§ DATASET CONTENT
::::::::::

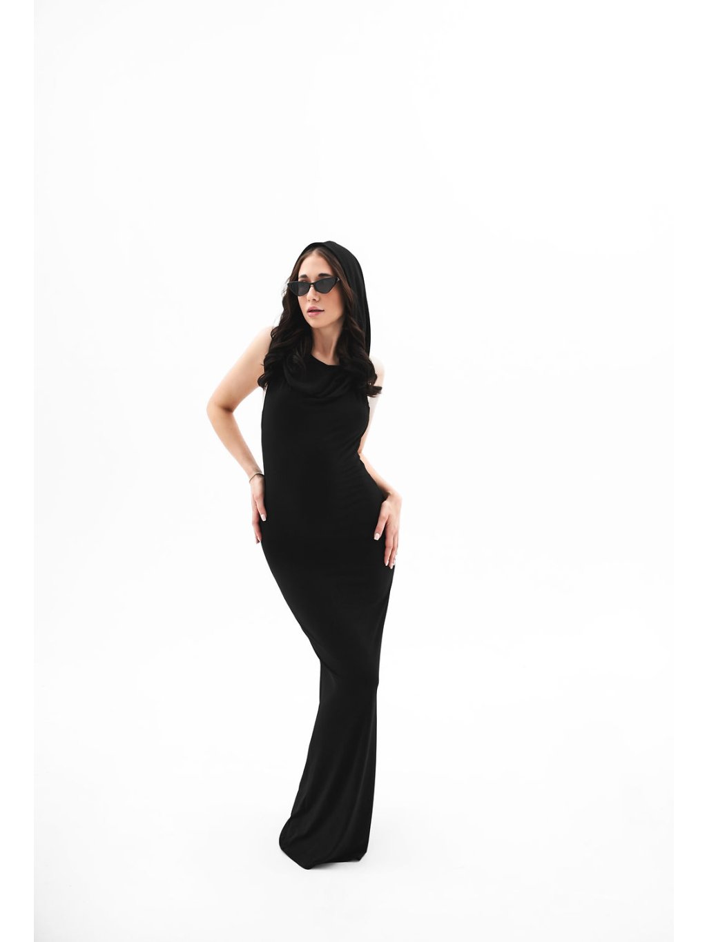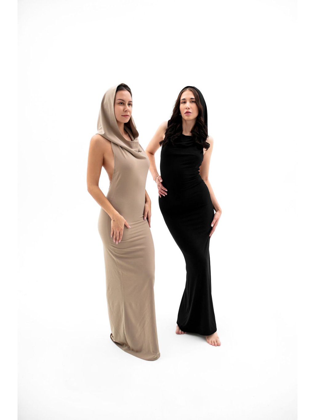 Naše signature šaty s kapucí s vykrojenými zády inspirované v milované Dubaji.
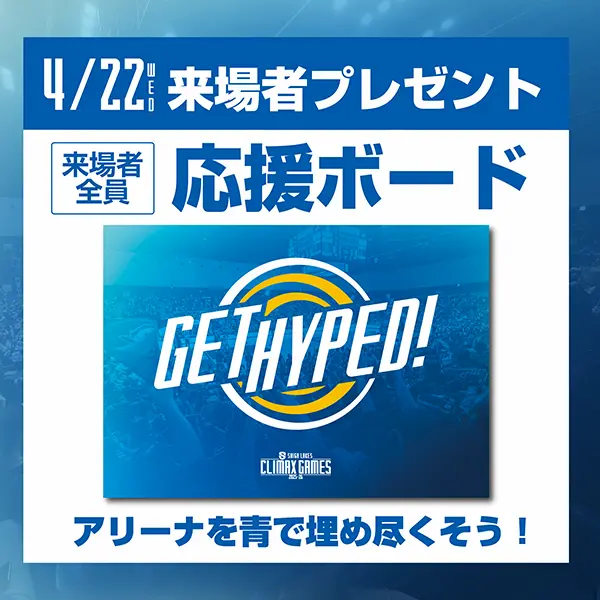 「GET HYPED!」デザイン応援ボードを来場者全員に配布
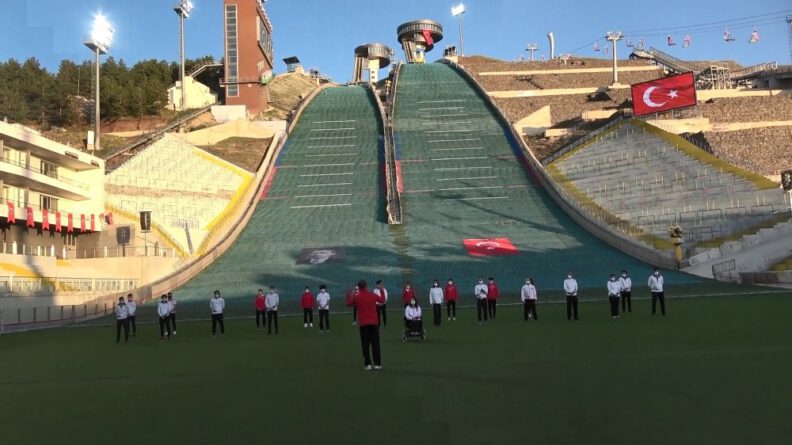 Erzurum’da milli sporcular, 19 Mayıs Atatürk’ü Anma, Gençlik ve Spor Bayramı dolayısıyla Kayakla Atlama Kulesi’nde İstiklal Marşı okudu.

::::::::::

§ WHAT YOU WILL DO
The data above must be given back verbatim, minus its images.

§ WRITTEN REPLY
 Naše signature šaty s kapucí s vykrojenými zády inspirované v milované Dubaji.
 「GET HYPED!」デザイン応援ボードを来場者全員に配布
 Erzurum’da milli sporcular, 19 Mayıs Atatürk’ü Anma, Gençlik ve Spor Bayramı dolayısıyla Kayakla Atlama Kulesi’nde İstiklal Marşı okudu.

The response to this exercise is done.